Blurock (09-Mar-12), Dave A (09-Mar-12)

----------


## Blurock

Excellent post Chris. This is the reason why I have started doubting democracy. I believe in democracy, but it can never be a one-fits all solution. 

Some countries are just not mature enough to implement democracy. For democracy to work, the populace have to understand the principles of democracy and not follow a party or "leader" blindly. There are many examples of flawed democracies all over the world. People are suffering, sometimes being unable to feed their families, but they still support the so called leaders who are living in luxury. 

I therefore have adopted the somewhat flawed principle of never voting any one into power, but to always support the opposition to create a balance. :Hmmm:

----------

ChrisNG53 (25-Apr-12)

----------


## wynn

> I therefore have adopted the somewhat flawed principle of never voting any one into power, but to always support the opposition to create a balance.


I couldn't agree more, once the opposition get into power, keep voting for the opposition.

I try explain it to my staff as follows if everybody bought at Checkers eventually OK, PnP, Spar, Boxer etc, would go out of business, then what stops Checkers from charging what they want?

----------

ChrisNG53 (25-Apr-12)

----------


## ChrisNG53

> I couldn't agree more, once the opposition get into power, keep voting for the opposition.


Thanks guys. So you are definitely not sheep. But what name should we attach to those who will always vote for the opposition? What about "goat". A goat just loves to head butt whoever is in front. I  love it. I prefer to be a goat. Wonderfull!

Reasonable men adapt to the world around them; unreasonable men make the world adapt to them. The world is changed by unreasonable men.
Edwin Louis Cole

----------


## Blurock

I would not like to be called a goat. Hard headed, headbutting, horny creature.

What about libertarian? A libertarian stands for liberty and freedom. Freedom of speech, freedom of association and a free economy.

Vote politicians out of power, not into power. :Lttd:

----------


## tec0

People will see what they want to see, they will hear what they want to hear. They will talk crap and lie because the situation demands it. Fact is none of us are different. A homosexual can just as easily have a normal sexual orientation as a normal person can pretend to be homosexual. Fact is nothing is written in stone and we tend to forget that, that the difference between a hero, a coward and a monster are our choices. 

An evil person can in a moment protect innocence just as easily as a good person can destroy a life. We are all capable to do whatever our enabler "our minds" tells us to do.
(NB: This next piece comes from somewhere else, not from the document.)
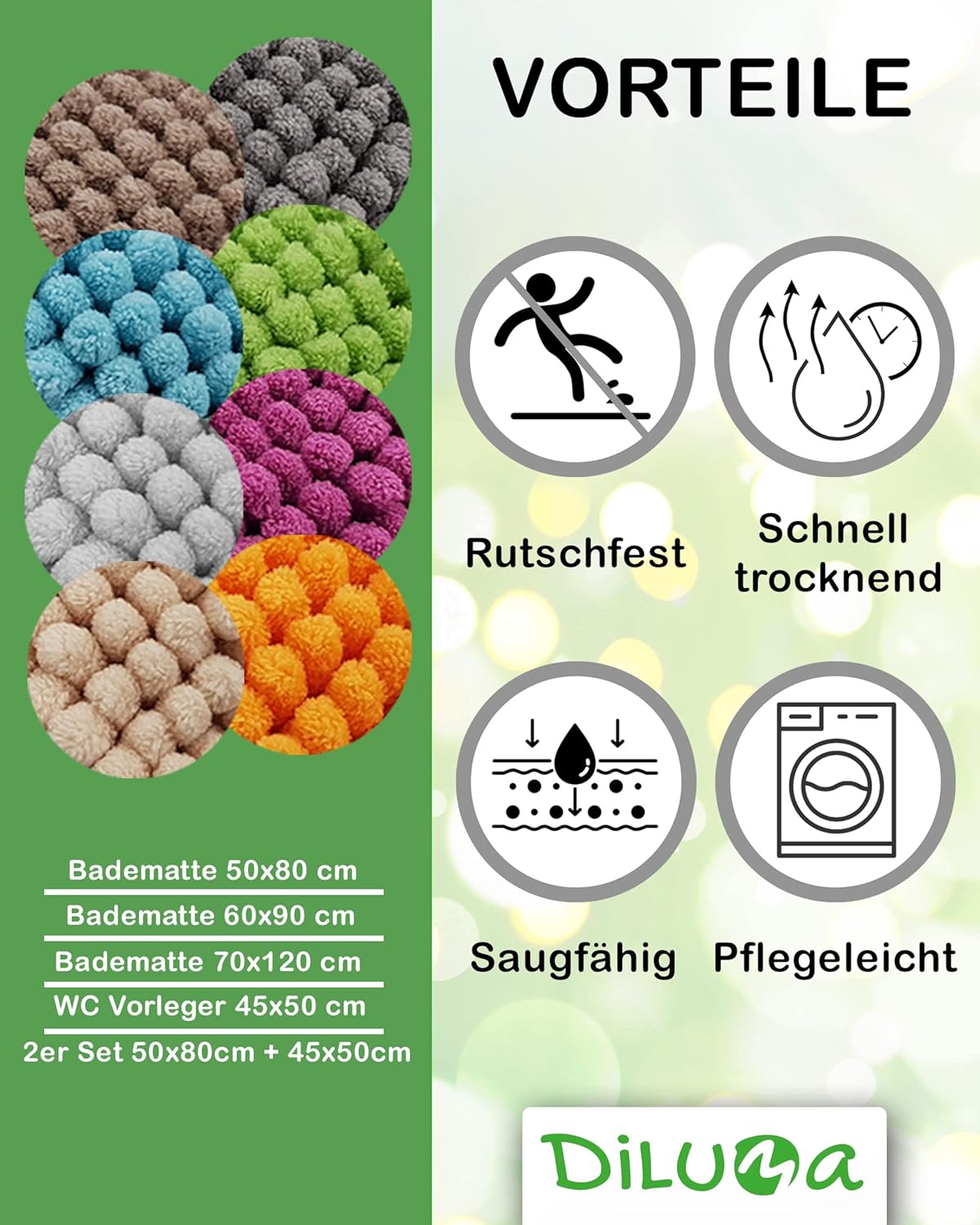 Вони довговічні та підходять для приміщень з підігрівом підлоги. Звичайно, наші килимки для ванної кімнати протестовані на наявність шкідливих речовин відповідно до стандарту Oeko-Tex Standard 100.
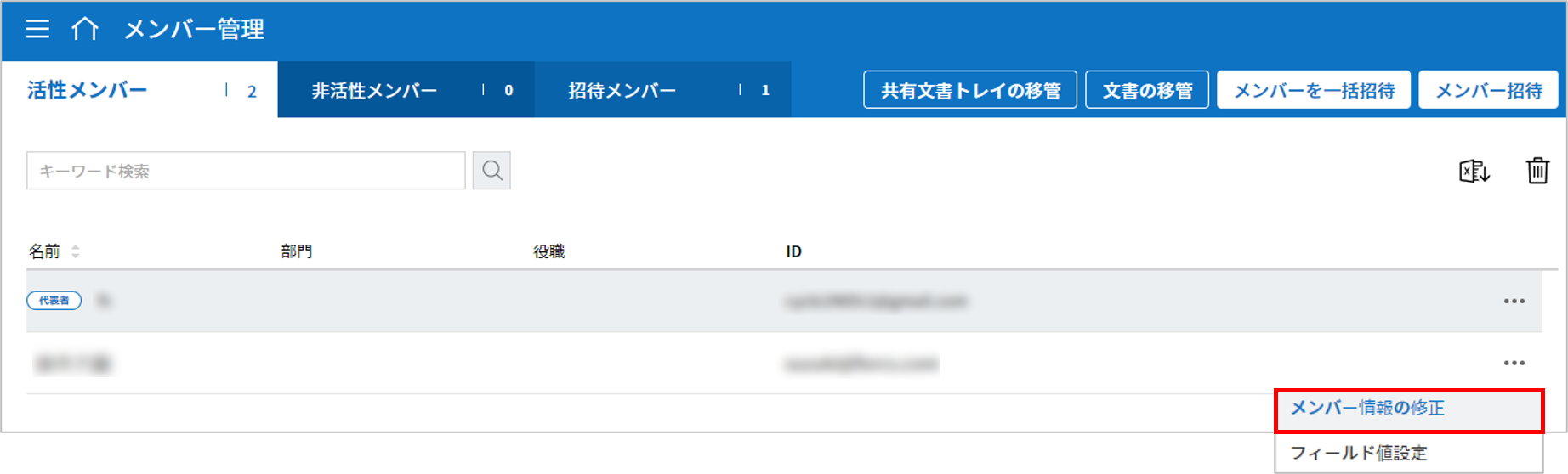 メンバー管理: メンバーを招待し、メンバー情報を修正することができます。

So are we sheep or just susceptible to a mob mentality?  :Wink:

----------


## adrianh

Interesting...

We are born into a world of rules. You are taught to follow rules from day one, when to sleep, when to eat. You go to school and learn whatever is taught, you do as you're told and you are expected not to disagree. You are taught to follow a particular religious docterine, not to question the law but to accept it. You don'tdrive faster than 120 kph and you don't con the tax man because that would be breaking the law. 

But when it comes to politics it supposed to be different, you are expected to think for yourself and not be a sheep...the problem is that you are taught to follow society and its rules all your life and now you are expected to think differently. The point that I am making is it is easier said than done because our society is geared to creating robots.
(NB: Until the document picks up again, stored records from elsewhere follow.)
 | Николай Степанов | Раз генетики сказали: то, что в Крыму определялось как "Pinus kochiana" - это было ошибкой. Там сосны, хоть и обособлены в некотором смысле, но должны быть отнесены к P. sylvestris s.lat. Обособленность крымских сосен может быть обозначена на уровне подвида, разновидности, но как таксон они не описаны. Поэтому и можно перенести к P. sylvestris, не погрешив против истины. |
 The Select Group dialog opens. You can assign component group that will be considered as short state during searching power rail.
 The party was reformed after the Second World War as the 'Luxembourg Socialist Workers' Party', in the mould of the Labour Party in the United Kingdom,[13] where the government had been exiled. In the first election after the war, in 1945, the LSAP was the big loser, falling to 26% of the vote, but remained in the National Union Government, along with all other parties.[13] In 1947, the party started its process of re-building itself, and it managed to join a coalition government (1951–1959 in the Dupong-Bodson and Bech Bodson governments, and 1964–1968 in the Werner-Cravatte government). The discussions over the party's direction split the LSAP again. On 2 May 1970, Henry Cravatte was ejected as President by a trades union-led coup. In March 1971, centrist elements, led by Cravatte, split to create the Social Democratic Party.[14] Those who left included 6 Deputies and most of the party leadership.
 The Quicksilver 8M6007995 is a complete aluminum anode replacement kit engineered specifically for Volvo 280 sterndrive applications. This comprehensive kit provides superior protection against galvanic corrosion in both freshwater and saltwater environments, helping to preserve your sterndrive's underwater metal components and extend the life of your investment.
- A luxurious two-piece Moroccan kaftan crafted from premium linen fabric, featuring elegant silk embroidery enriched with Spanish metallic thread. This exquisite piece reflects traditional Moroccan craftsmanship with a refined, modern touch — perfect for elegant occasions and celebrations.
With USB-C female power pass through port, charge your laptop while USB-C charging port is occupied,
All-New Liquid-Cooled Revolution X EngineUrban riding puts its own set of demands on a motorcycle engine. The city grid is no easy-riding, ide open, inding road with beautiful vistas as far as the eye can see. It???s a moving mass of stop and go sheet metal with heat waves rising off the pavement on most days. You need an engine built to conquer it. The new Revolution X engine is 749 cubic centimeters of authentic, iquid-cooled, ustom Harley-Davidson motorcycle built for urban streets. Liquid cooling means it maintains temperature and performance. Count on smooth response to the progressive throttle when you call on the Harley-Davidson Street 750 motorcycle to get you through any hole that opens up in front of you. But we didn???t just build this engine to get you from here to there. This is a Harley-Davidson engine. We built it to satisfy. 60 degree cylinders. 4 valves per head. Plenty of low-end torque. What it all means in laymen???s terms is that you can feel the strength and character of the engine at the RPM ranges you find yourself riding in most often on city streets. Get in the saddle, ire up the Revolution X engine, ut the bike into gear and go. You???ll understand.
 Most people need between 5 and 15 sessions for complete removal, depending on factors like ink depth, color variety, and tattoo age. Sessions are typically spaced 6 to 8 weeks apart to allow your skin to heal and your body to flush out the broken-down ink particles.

The problem is that we define sheep as the 'other ones' who follow their leaders. What about the average American, isn't he a sheep for following his leaders into battle. Some would say that the leaders contrived the enemy and that the masses lapped the con up.

The problem with democracy is that those that are best at influencing the masses get to rule, i.e. decide how the game gets to be played.  The game is not about leadership or the good of the nation, the game is power and control.

So the question is this; how do we teach young people to think for themselves if we force our social, political and even religious views on them. When they are young and don't act like sheep then they are 'trouble makers, hardasses, difficult'.

----------

ChrisNG53 (25-Apr-12)

----------


## Blurock

> So the question is this; how do we teach young people to think for themselves if we force our social, political and even religious views on them. When they are young and don't act like sheep then they are 'trouble makers, hardasses, difficult'.


We teach them values. With the right values they will know what to do in a difficult situation, but they will still have their own choice of accepting those values. 

We all know the difference between what is wrong and what is right, we just need to tune in. :Cool:

----------


## Dave A

> We are born into a world of rules. You are taught to follow rules from day one, when to sleep, when to eat. You go to school and learn whatever is taught, you do as you're told and you are expected not to disagree. You are taught to follow a particular religious docterine, not to question the law but to accept it. You don'tdrive faster than 120 kph and you don't con the tax man because that would be breaking the law. 
> 
> But when it comes to politics it supposed to be different, you are expected to think for yourself and not be a sheep...the problem is that you are taught to follow society and its rules all your life and now you are expected to think differently. The point that I am making is it is easier said than done because our society is geared to creating robots.


Ultimately that makes an interesting argument as to why the voting age shouldn't be set too low.

My thoughts turned to paradigms and where free thinking comes from. 

As you say, it's inevitable that our earliest paradigms during our formative years are pretty narrow; a reflection of th emore dominant folk around us. 
I suggest it's only when we start getting exposed to alternative paradigms that we start having to make our own choices.
From there it's probably only once we've experienced a few instances where our own paradigm was actually wrong that we start heading into the territory of true free thinking - where we start routinely questioning what is presented to us as "unquestionable truth" before we accept it.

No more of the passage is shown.